**WHAT THE TASK ASKS:** The entries below are to be transcribed in full, without their images.

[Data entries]
--- START ---

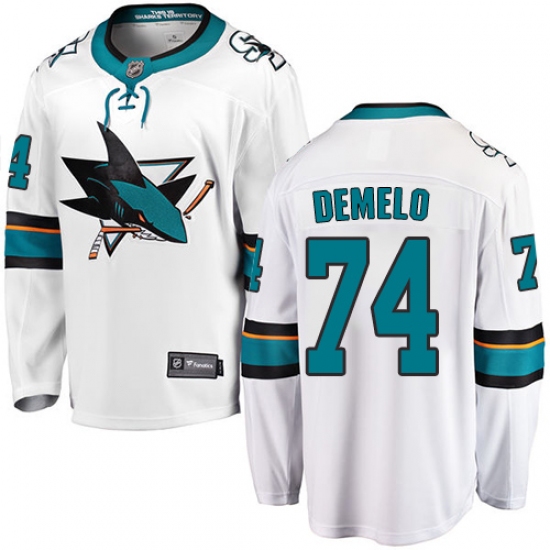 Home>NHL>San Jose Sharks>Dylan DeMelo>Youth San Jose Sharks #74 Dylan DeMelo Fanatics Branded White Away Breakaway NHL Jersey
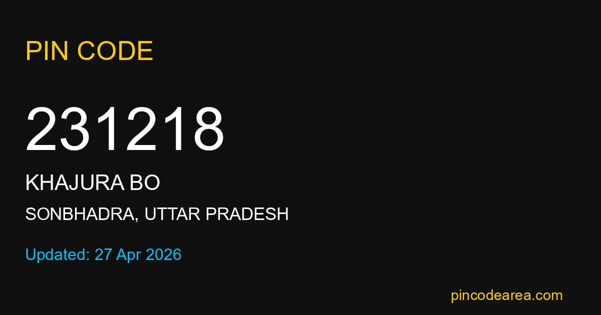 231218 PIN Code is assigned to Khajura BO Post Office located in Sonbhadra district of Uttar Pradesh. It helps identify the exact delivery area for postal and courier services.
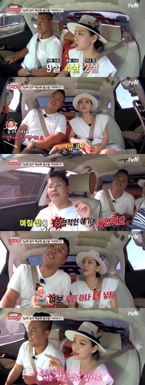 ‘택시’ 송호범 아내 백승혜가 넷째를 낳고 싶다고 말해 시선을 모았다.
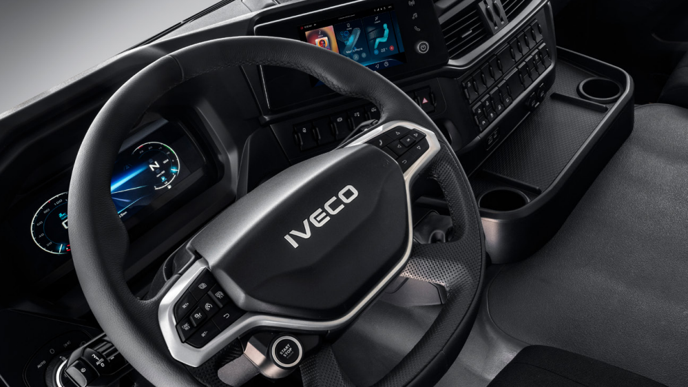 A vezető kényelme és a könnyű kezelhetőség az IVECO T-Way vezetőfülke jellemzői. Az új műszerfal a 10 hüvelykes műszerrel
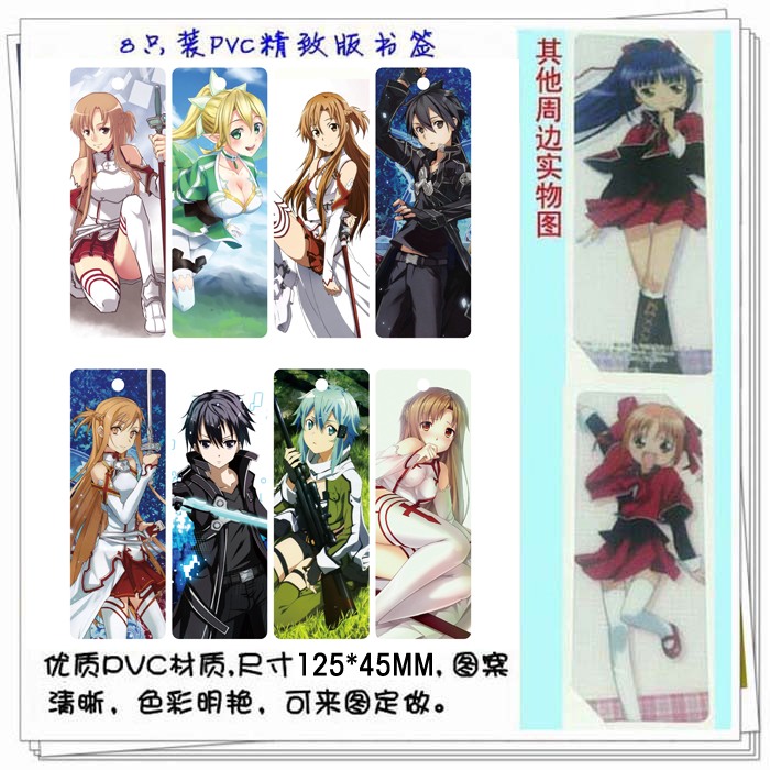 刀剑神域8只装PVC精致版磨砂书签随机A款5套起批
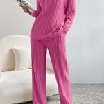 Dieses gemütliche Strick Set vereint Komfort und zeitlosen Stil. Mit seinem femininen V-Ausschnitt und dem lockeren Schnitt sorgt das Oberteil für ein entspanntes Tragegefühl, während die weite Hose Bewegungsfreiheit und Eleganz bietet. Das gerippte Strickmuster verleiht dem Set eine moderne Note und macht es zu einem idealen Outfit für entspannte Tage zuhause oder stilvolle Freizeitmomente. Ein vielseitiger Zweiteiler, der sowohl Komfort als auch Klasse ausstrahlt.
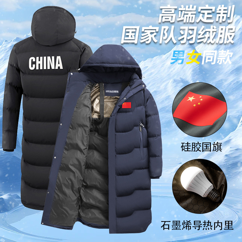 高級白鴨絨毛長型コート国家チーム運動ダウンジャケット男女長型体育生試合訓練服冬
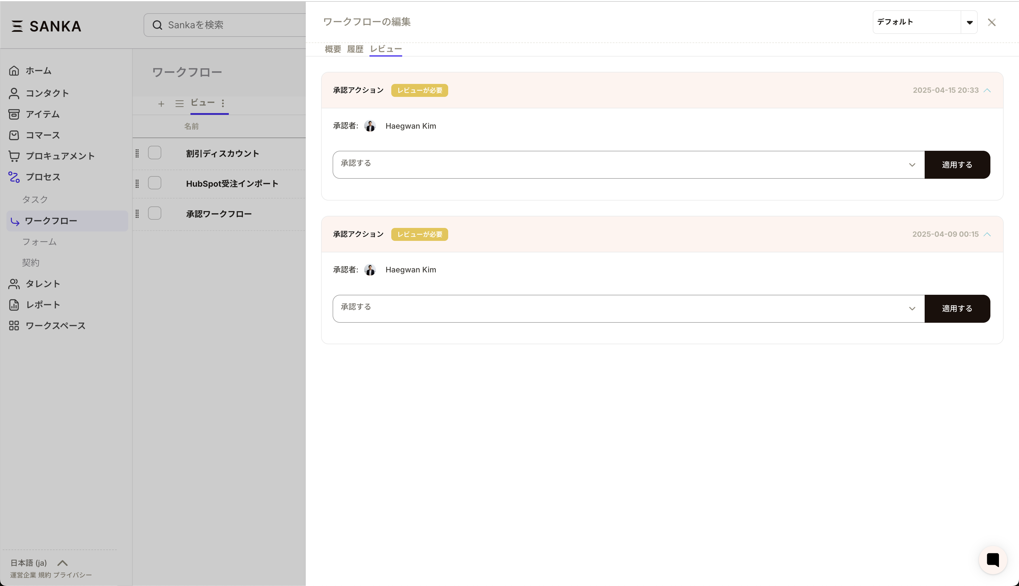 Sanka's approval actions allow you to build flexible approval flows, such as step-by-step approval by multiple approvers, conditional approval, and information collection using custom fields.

--- END ---

**WRITTEN SOLUTION:**
 Home>NHL>San Jose Sharks>Dylan DeMelo>Youth San Jose Sharks #74 Dylan DeMelo Fanatics Branded White Away Breakaway NHL Jersey
 231218 PIN Code is assigned to Khajura BO Post Office located in Sonbhadra district of Uttar Pradesh. It helps identify the exact delivery area for postal and courier services.
 ‘택시’ 송호범 아내 백승혜가 넷째를 낳고 싶다고 말해 시선을 모았다.
 A vezető kényelme és a könnyű kezelhetőség az IVECO T-Way vezetőfülke jellemzői. Az új műszerfal a 10 hüvelykes műszerrel
 刀剑神域8只装PVC精致版磨砂书签随机A款5套起批
 Dieses gemütliche Strick Set vereint Komfort und zeitlosen Stil. Mit seinem femininen V-Ausschnitt und dem lockeren Schnitt sorgt das Oberteil für ein entspanntes Tragegefühl, während die weite Hose Bewegungsfreiheit und Eleganz bietet. Das gerippte Strickmuster verleiht dem Set eine moderne Note und macht es zu einem idealen Outfit für entspannte Tage zuhause oder stilvolle Freizeitmomente. Ein vielseitiger Zweiteiler, der sowohl Komfort als auch Klasse ausstrahlt.
 高級白鴨絨毛長型コート国家チーム運動ダウンジャケット男女長型体育生試合訓練服冬
 Sanka's approval actions allow you to build flexible approval flows, such as step-by-step approval by multiple approvers, conditional approval, and information collection using custom fields.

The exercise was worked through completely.